_RECORDS FOR PROCESSING:_
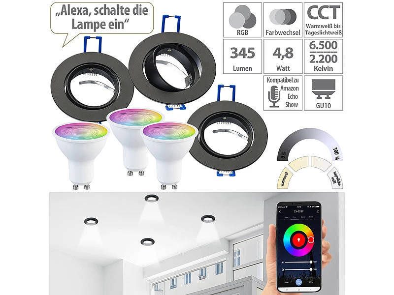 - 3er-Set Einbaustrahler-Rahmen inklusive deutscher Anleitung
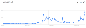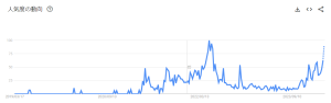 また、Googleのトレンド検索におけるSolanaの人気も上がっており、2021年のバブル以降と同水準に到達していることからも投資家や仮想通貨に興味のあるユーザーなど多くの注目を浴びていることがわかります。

* * *

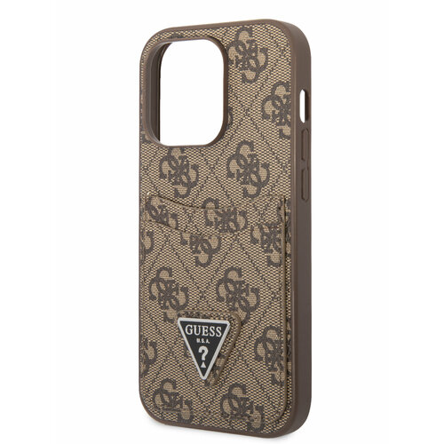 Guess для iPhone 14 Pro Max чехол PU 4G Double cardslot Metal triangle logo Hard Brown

--

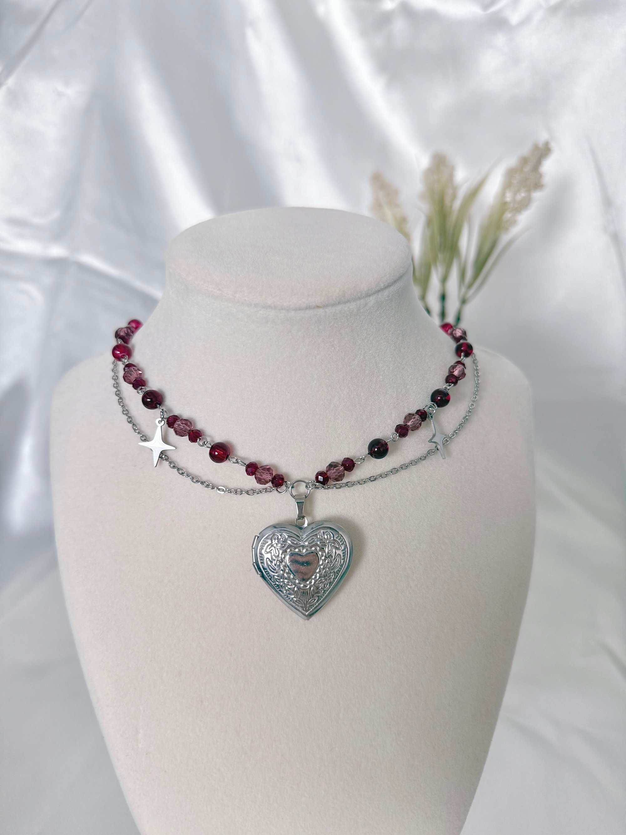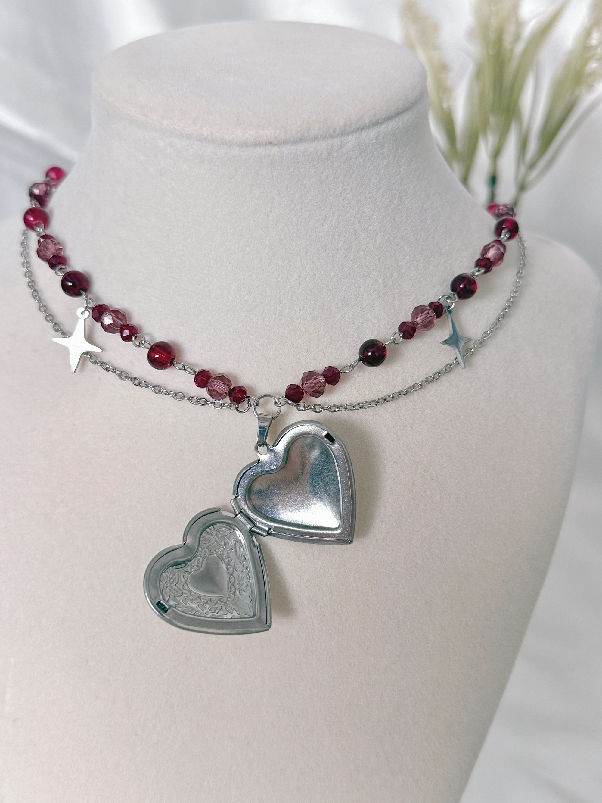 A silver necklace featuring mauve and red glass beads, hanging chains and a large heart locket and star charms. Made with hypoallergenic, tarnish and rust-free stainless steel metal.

_WHAT YOU HAVE TO DO:_ An exact copy is needed of the stretch above that opens with the line containing "- 3er-Set Einbaustrahler-Rahmen" and closes with the line containing "また、Googleのトレンド"; the pictures are not part of it.

_WRITTEN REPLY:_
 - 3er-Set Einbaustrahler-Rahmen inklusive deutscher Anleitung
 また、Googleのトレンド検索におけるSolanaの人気も上がっており、2021年のバブル以降と同水準に到達していることからも投資家や仮想通貨に興味のあるユーザーなど多くの注目を浴びていることがわかります。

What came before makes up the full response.